Federal Partnerships/Best Practices Sharing

Guiding principles: Community Engagement
Barriers addressed: Compatibility and Integration, Market Forces

In many initiatives over the years, The White House, as well as federal agencies like the U.S. Department of Energy (DOE), the U.S. Environmental Protection Agency (EPA), and the U.S. Department of Housing and Urban Development (HUD), have recognized and voiced the importance and positive impact of low-income solar programs. Dedicated funding from federal sources for low-income solar programs has been largely absent, but a few partnerships have formed to ensure best practices sharing between jurisdictions looking to or in the process of implementing low-income solar programs.  Partnerships with federal agencies are valuable because they help inform state- and local-level low-income solar projects and policies. Below are a few of the national efforts underway in support of low-income solar programs:

  1. In July 2015, the White House, in partnership with the DOE’s SunShot Initiative, announced the National Community Solar Partnership to increase access to solar energy for all Americans, in particular low- and moderate- income communities, while expanding opportunities to join the solar workforce. In July 2016, the White House announced the Clean Energy Savings for All Americans Initiative, which planned to work to ensure that every household has options to choose to go solar and put in place additional measures to promote energy efficiency. To continue along this track, the Administration, in collaboration with state agencies, announced a new catalytic goal to bring 1 gigawatt (GW) of solar to low- and moderate-income families by 2020. In late 2016, the DOE’s SunShot Initiative also launched the “Solar in Your Community Challenge,” a $5 million contest to support innovative and replicable community-based solar business models and programs that will bring solar to underserved communities.  The Solar in Your Community Challenge developed a suite of courses and a curriculum that can help guide and inform stakeholders of all levels of expertise to launch a low-income solar project or program successfully.

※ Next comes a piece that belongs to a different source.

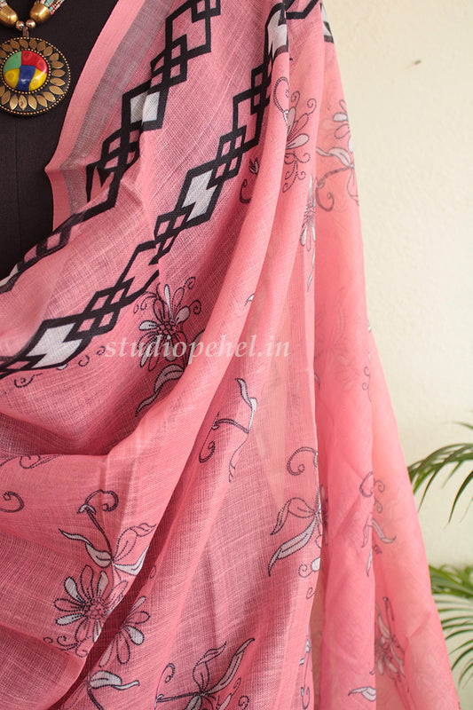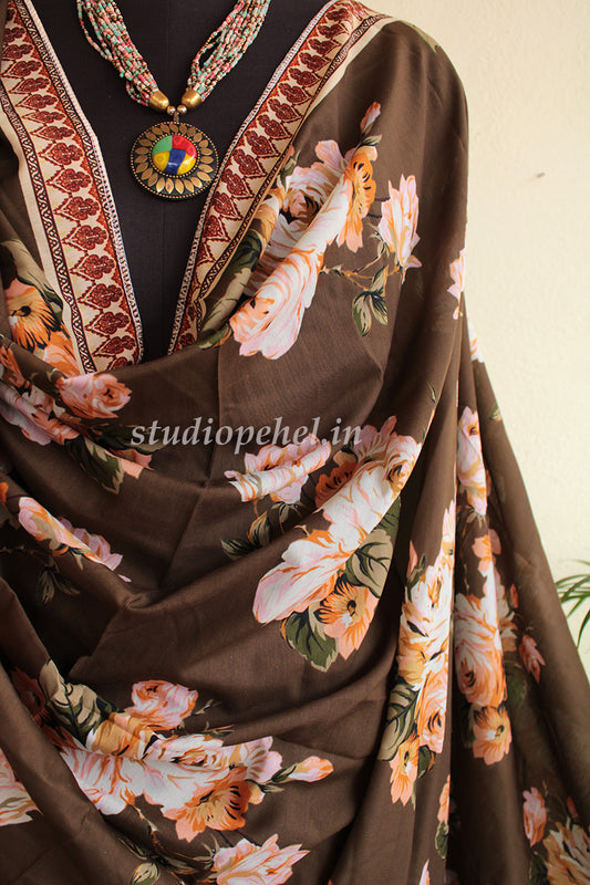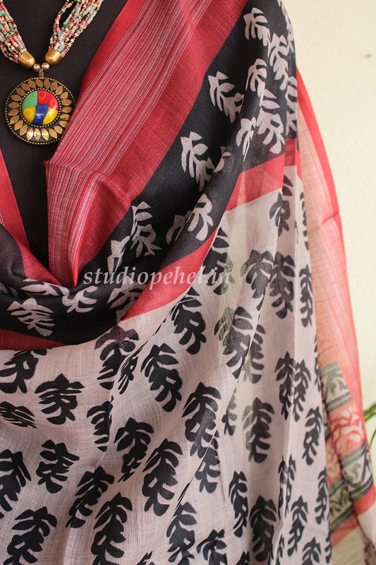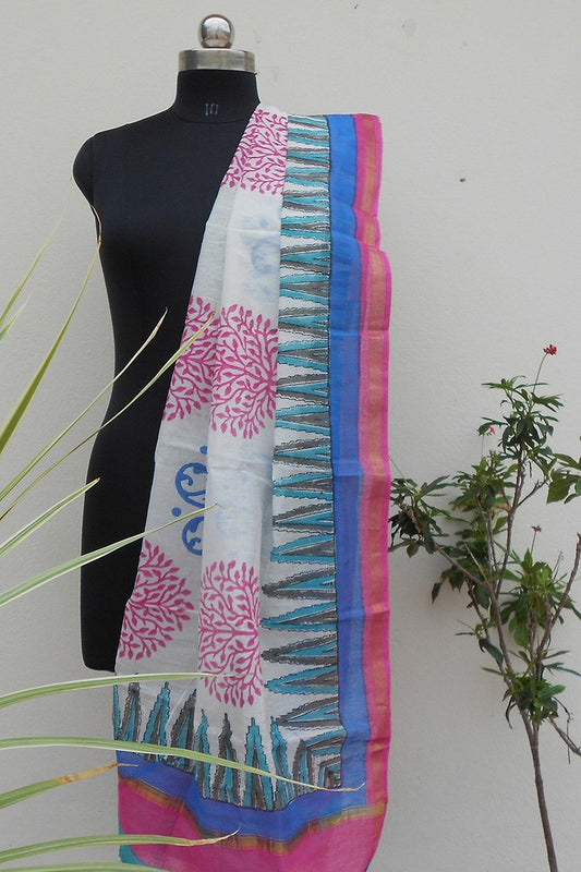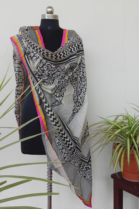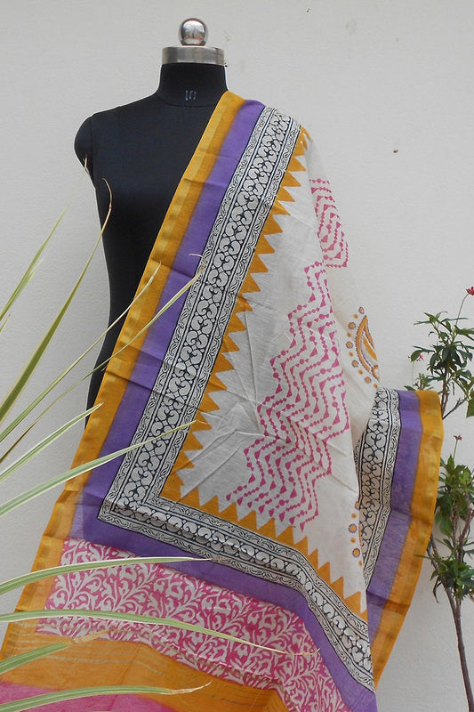 Out Of StockIvory Violet Handpainted chanderi dupatta

  2. HUD’s Renew300 initiative provides technical assistance to educate affordable housing owners about the broad benefits and opportunities that solar energy provides. With updated commitments made in July 2016, the initiative is on track to install 344 MW of solar by 2020, exceeding its goal of 300 megawatts (MW) of solar and other types of renewable energy on federally-subsidized housing.
  3. Announced May 2016, the DOE’s Better Buildings Initiative’s Clean Energy in Low Income Communities Accelerator aimed to lower energy bills and energy burden in low-to-moderate income communities through expanded installation of energy efficiency and distributed renewables.  The Accelerator included roughly $335 million allocated by partners to support access to clean energy for 155,000 low-income homes. Resources from the Accelerator include an Issue Brief on Reducing Energy Burden for Low-income Residents in Multifamily Housing with Solar Energy and the Low-income Energy Affordability Data (LEAD) Tool. In addition, DOE’s efforts to address low-income energy solutions can be found through an Interagency Collaborative on Energy Solutions for Low-Income Communities which established a Library of Federal Resources and Tools. The Library allows stakeholders to catalogue and customize Federal resources to meet their low-income energy needs.

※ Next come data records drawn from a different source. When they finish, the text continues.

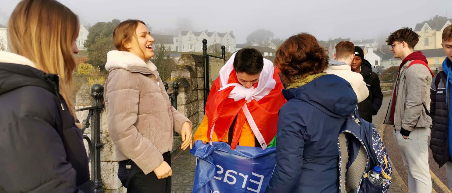 Sechs Schülerinnen der 5. Klassen, ein Schüler der 6. und ein Schüler der 7. Klassen besuchten für zehn Tage, vom 3. bis 13. Februar 2023, die Midleton CBS Secondary School in Irland. Finanziert wurde die Reise durch das EU-Programm Erasmus+.
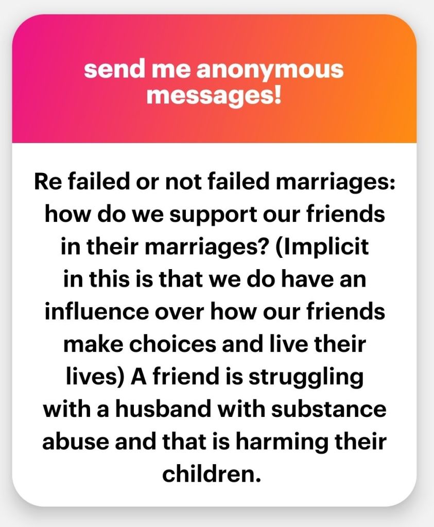 Friends can offer to help take care of kids…or not offer to do that. Friends can offer to help financially or not offer to help. Friends can tell their friends that their feelings matter, or tell their friends that their feelings don’t matter and money/materials matter more. Friends can also encourage their friends to stay with the addict for social appearances sake and then have an affair on the side. Lots of possibilities!
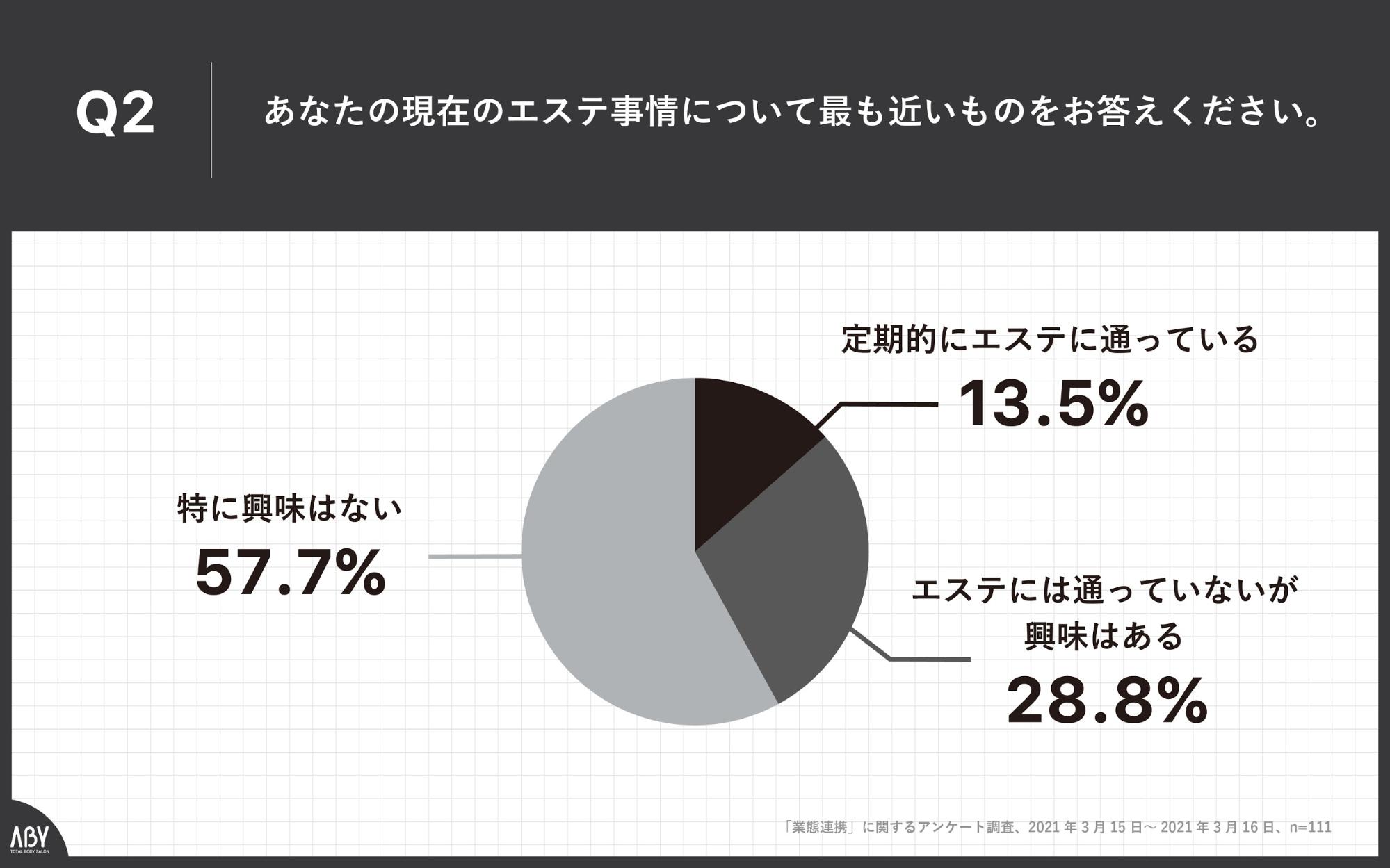 Q2.あなたの現在のエステ事情に最も近いものをお答えください。」(n=111)
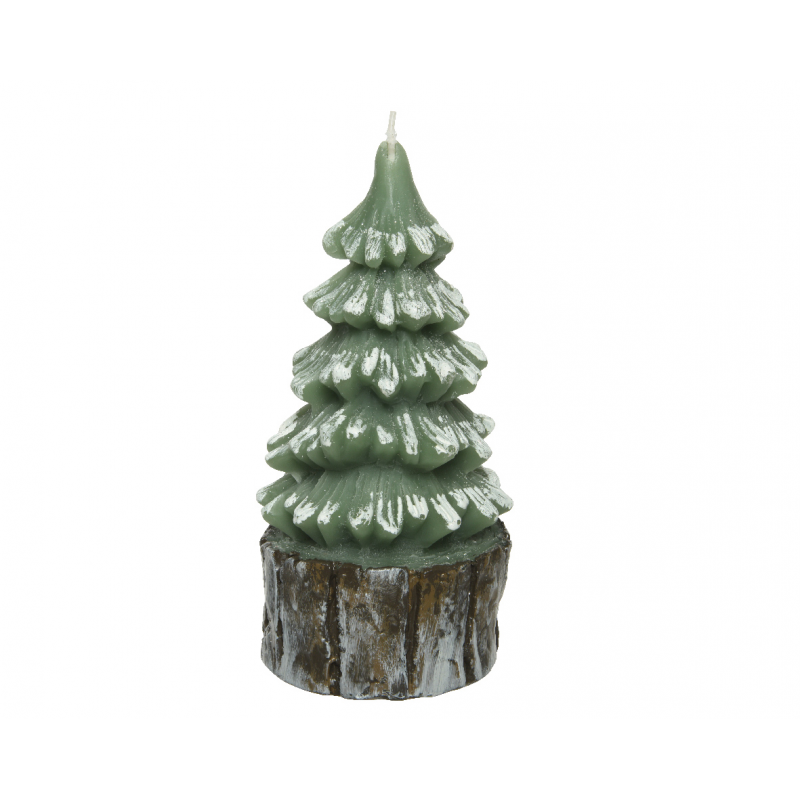 BOUGIE - Sapin enneigé sur tronc (17cm)

  4. The DOE’s Better Buildings Challenge provides support to businesses, manufacturers, cities, states, universities, and school districts that commit to improve the energy efficiency of their portfolio of buildings by at least 20 percent over ten years and to share their results, Many participants have made strides; one example is the Housing Authority of the City and County of Denver, which partnered with a number of organizations to both develop and finance a project that brought photovoltaic solar to 387 affordable housing buildings throughout the city.

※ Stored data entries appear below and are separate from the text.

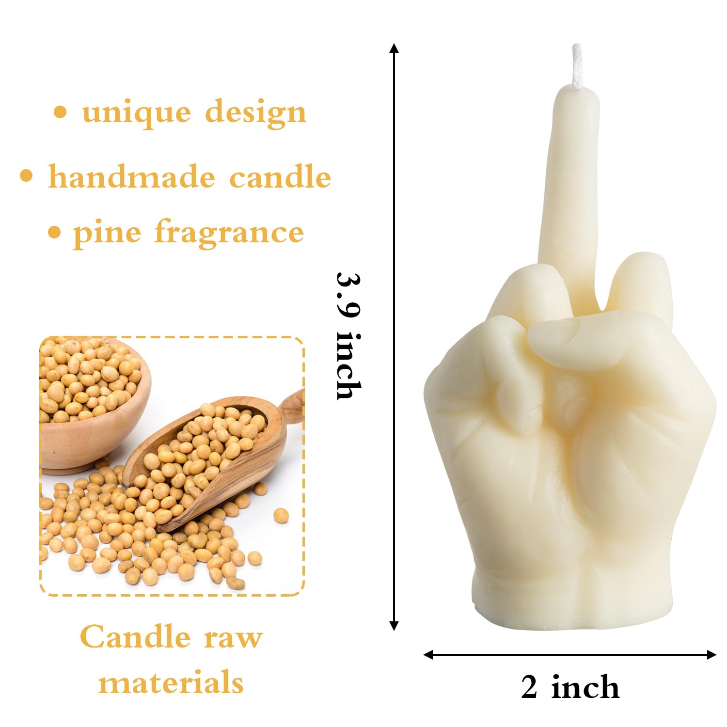 Size and Material: About 2 * 3.9 inches. The middle finger candle is made of natural soy wax and wick. The materials are safe and reliable. When the candle is burning, the fragrance released can make people feel comfortable.
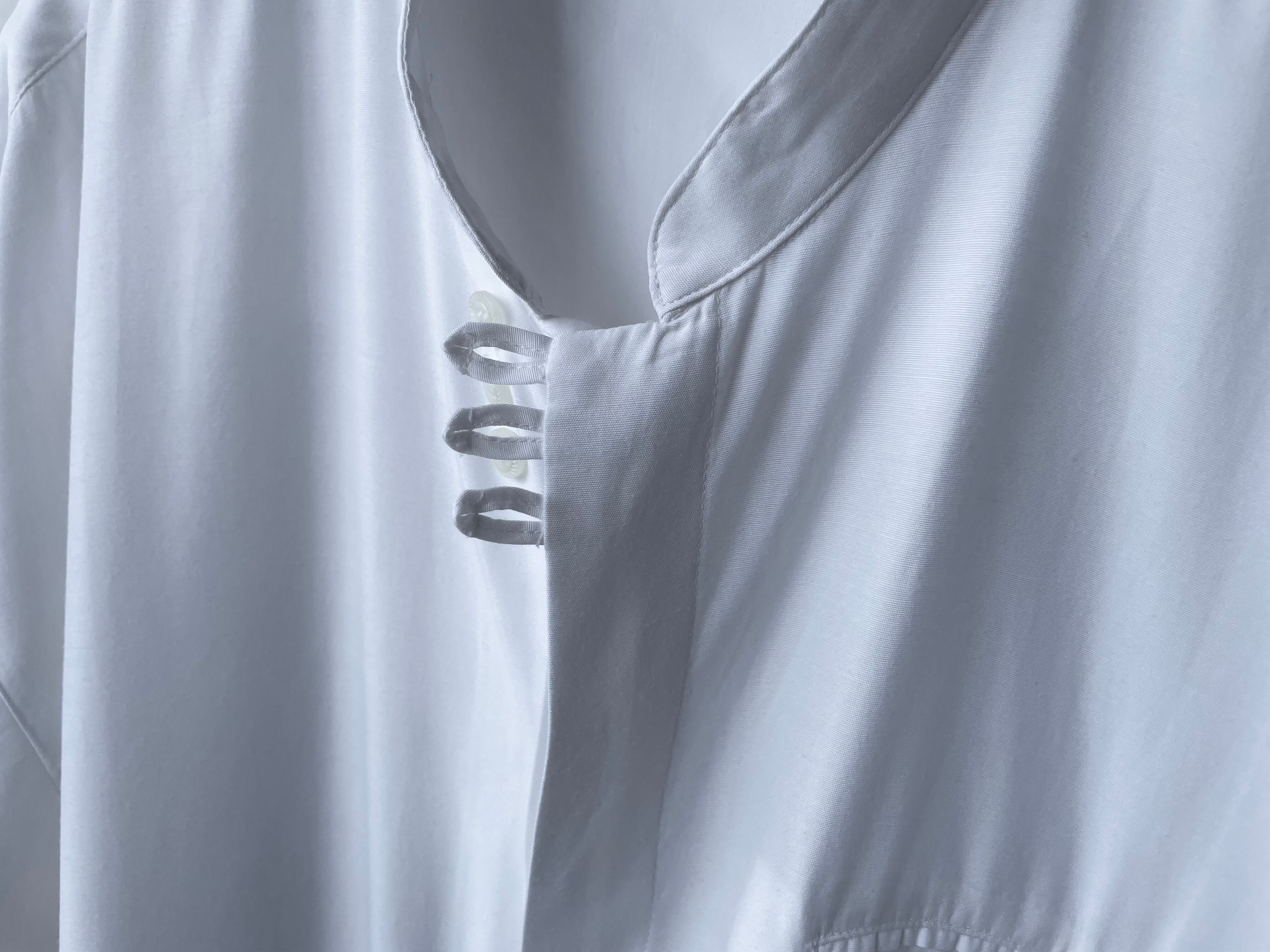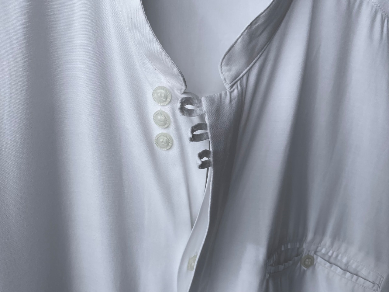 A special detail with three loop buttons arranged in three places on the narrow placket.
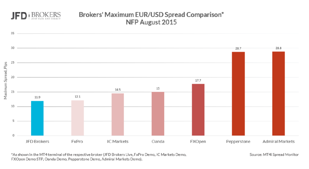 Voici ci-dessous une comparaison du spike (spread le plus haut enregistré) de JFD vs une sélection de brokers connus, sérieux et régulés.

  5. DOE and HUD partnered with the U.S. Department of Education in developing STEM, Energy, and Economic Development (SEED): Coalitions for Community Growth, an innovative place-based initiative to create economic opportunity and energy-literate communities. SEED’s focus is on inspiring public housing residents around the country to pursue careers in energy, and preparing them to join its labor force. The SEED initiative links existing federal investments and activities to local coalitions to expand or launch programs based on energy literacy, STEM Education, and job-driven skills training.
  6. There is growing interest in using federal energy assistance funding for low-income solar installations, as described in a recent George Washington Solar Institute report. See this page for state examples.